Studi sebelumnya telah menunjukkan bahwa ulama memiliki pandangan yang
berbeda tentang ajaran Islam tentang keinginan umat Kristen untuk Natal. Dia juga mencatat
bahwa ajaran Islam tentang partisipasi Islam dalam ritual non-Muslim pada umumnya
berbeda. Pandangan mereka dapat dibagi menjadi dua kelompok. Kelompok pertama
mengucapkan Selamat Natal kepada Umat Kristen. Cendekiawan Muslim seperti Ibn
Taymiyyah, Ibn Qayyim, Muhammad Rashid Rida, dan Sheikh Muhammad ibn Saleh al-
Attan melarang umat Islam mendekati dan mengagumi orang Kristen. Sebaliknya, kelompok
lain mengizinkan umat Islam untuk menyambut umat Kristen seperti Syahab, dan jika umat
Islam melakukannya dengan bijak, mereka mengizinkan umat Islam untuk menyambut umat
Kristiani dan merayakan Natal. Dan Anda dapat melindungi keyakinan / keyakinan mereka
dari kehancuran keyakinan mereka. Salah jika melepaskan toleransi beragama atas nama
agama jika agama tidak bersalah karena membutuhkan toleransi beragama. Namun, keliru
pula mencemari kesakralan keyakinan agama dalam karya toleransi beragama. Oleh karena
itu, cara umat Islam tidak bisa merayakan Natal bersama umat Kristen bisa dimaklumi dalam
hal menjaga keimanannya. Mereka juga bisa meningkatkan rasa saling menghormati antara
Islam dan Kristen, sehingga bisa berpartisipasi dalam perayaan natal.

12
Ibid., h. 104.
Daftar Pustaka
Mudzhar, Muhammad Atho’. Fatwa - Fatwa Majelis Ulama Indonesia: Sebuah Studi tentang
Pemikiran Hukum Islam di Indonesia 1975-1988. Jakarta: Mizan, 1993.

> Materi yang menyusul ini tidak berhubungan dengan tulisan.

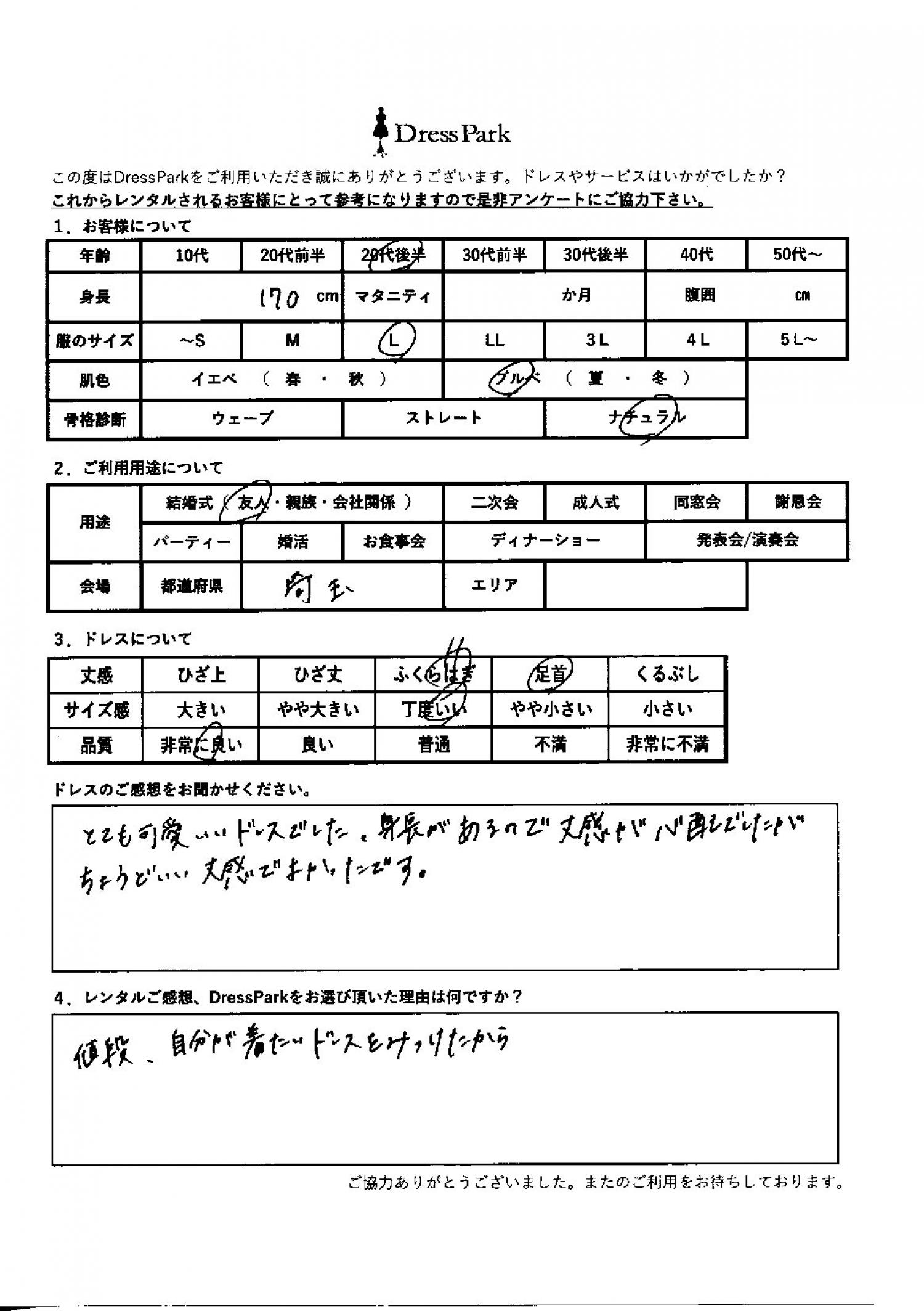 埼玉県 M.S様170㎝ Lサイズ #20代#M/L#170㎝以上#結婚式(友人)#埼玉県 ◆レンタルしたドレスはこちら ◆レンタルしたサイズは:L ◆レンタルした日付:2026/02/21 ドレスの着用感 ◆点数: (5点) ◆丈感:足首 ◆サイズ感:丁度いい ◆品質:非常に良い ◆肌色:ブルべ ◆骨格診断:ナチュラル ドレスの感想 とてもかわいいドレスでした。身長があるので、丈感が心配でしたが、ちょうど良い丈感で良かったです。 レンタルのご感想、DressParkをお選び頂いた理由 値段、自分がきたドレスを見つけたから。 CUSTOMER REVIEWS お客様の声 気になるカテゴリー別にご利用の感想をチェック! ◆AGE 年代で見る 10代 20代 30代 40代 50代~ ◆SIZE サイズで見る SS/S M/L 大きいサイズLL~ ◆HIGHT 身長で見る 140~149㎝ 150~154㎝ 155~159㎝ 160~164㎝ 165~169㎝ 170㎝以上 ◆マタニティ ~3か月 4~6か月 7~8か月 9~10か月 ◆肌色 イエベ ブルべ ◆骨格診断 ウェーブ ストレート ナチュラル ◆利用シーン 結婚式(友人) 結婚式(親族) 結婚式(会社関係) 二次会 成人式/同窓会 謝恩会 パーティー その他 CUSTOMER REVIEWS都道府県別お客様の声 都道府県別にのお客様の声をチェック! 北海道 青森県 岩手県 宮城県 秋田県 山形県 福島県 茨城県 栃木県 群馬県 埼玉県 千葉県 東京都 神奈川県 新潟県 富山県 石川県 福井県 山梨県 長野県 岐阜県 静岡県 愛知県 三重県 滋賀県 京都府 大阪府 兵庫県 奈良県 和歌山県 鳥取県 島根県 岡山県 広島県 山口県 徳島県 香川県 愛媛県 高知県 福岡県 佐賀県 長崎県 熊本県 大分県 宮崎県 鹿児島県 沖縄県 CUSTOMER REVIEWSエリア別お客様の声 都道府県別にのお客様の声をチェック! 札幌 仙台 名古屋 軽井沢 金沢 神戸・芦屋 博多 那覇 梅田・新大阪 難波・心斎橋 鎌倉・湘南 横浜・みなとみらい 舞浜・浦安・幕張 大宮・浦和 青山・表参道 六本木・麻布 渋谷・恵比寿 新宿 池袋 銀座・丸の内 お台場・汐留 鹿児島市 郡山市 福島市 東予 甲府・石和 LINEでお問い合わせ このサイトではJavaScriptを使用しています

Al-Utsaymin, Muhammad Ibn Shalih. “al-Tahni’a bi ‘Id al-Krismâsi,” dalam The Council of
Supreme Body of Jurists of the Kingdom of Saudi Arabia. Fatâwâ al-Bilâd al-Harâm. Saudi
Arabia: t.p., 1999.
Shihab, Muhammad Quraish.Membumikan al-Qur’an. Bandung: Mizan, 1992.